L'intérêt industriel de cette approche dépasse la fraise. Shepherd cite notamment l'avocat, l'ananas et le pawpaw, fruits dont la maturité est indétectable à l'oeil nu et qui résistent mal au transport ou à la mécanisation classique. Pour les intégrateurs en agri-tech, la combinaison sensorimotrice de ce gripper ouvre une voie concrète vers la récolte automatisée de fruits fragiles à haute valeur ajoutée, un segment aujourd'hui encore très dépendant de la main d'oeuvre humaine.

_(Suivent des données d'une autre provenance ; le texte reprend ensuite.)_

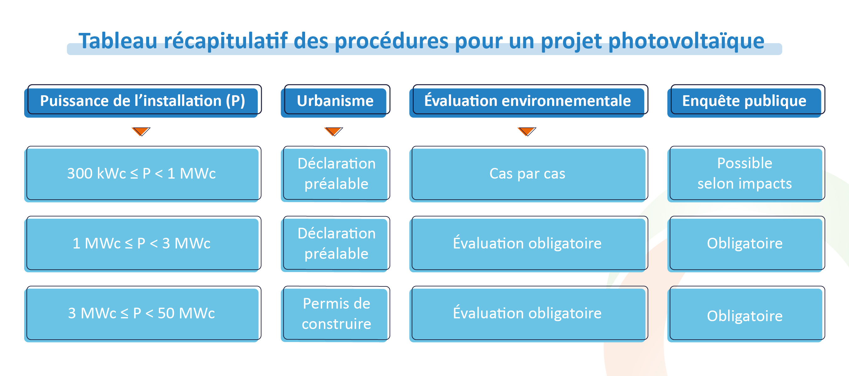 - À partir de 1 MWc, une évaluation environnementale complète est obligatoire, ainsi qu’une enquête publique d’au moins 30 jours.

La propriété clé du système est que les jauges de contrainte optiques partagent les mêmes propriétés mécaniques que la structure du doigt souple, ce qui élimine la discontinuité mécanique typique des capteurs rigides greffés sur des actionneurs mous. C'est un point de conception non trivial : les capteurs ne perturbent pas le comportement du préhenseur, ils en font partie intégrante.

Le laboratoire Organic Robotics Lab travaille depuis plusieurs années sur l'extension des capteurs fibre optique étirables aux systèmes robotiques souples, après en avoir démontré le potentiel pour la proprioception et la perception tactile dynamique. La collaboration avec le département d'agriculture de Cornell marque une inflexion appliquée dans des travaux jusqu'ici majoritairement fondamentaux. Sur le plan concurrentiel, plusieurs acteurs se positionnent dans la récolte robotisée douce : Abundant Robotics (racheté), Tortuga AgTech, ou encore le projet Agrobot en Europe, mais la plupart s'appuient sur vision seule ou sur des capteurs de force rigides. L'originalité de Cornell réside dans l'intégration sensorielle mécano-optique dans la structure même du préhenseur. Le dispositif est au stade de prototype de recherche, aucun calendrier de commercialisation ni partenariat industriel n'a été annoncé à ce jour.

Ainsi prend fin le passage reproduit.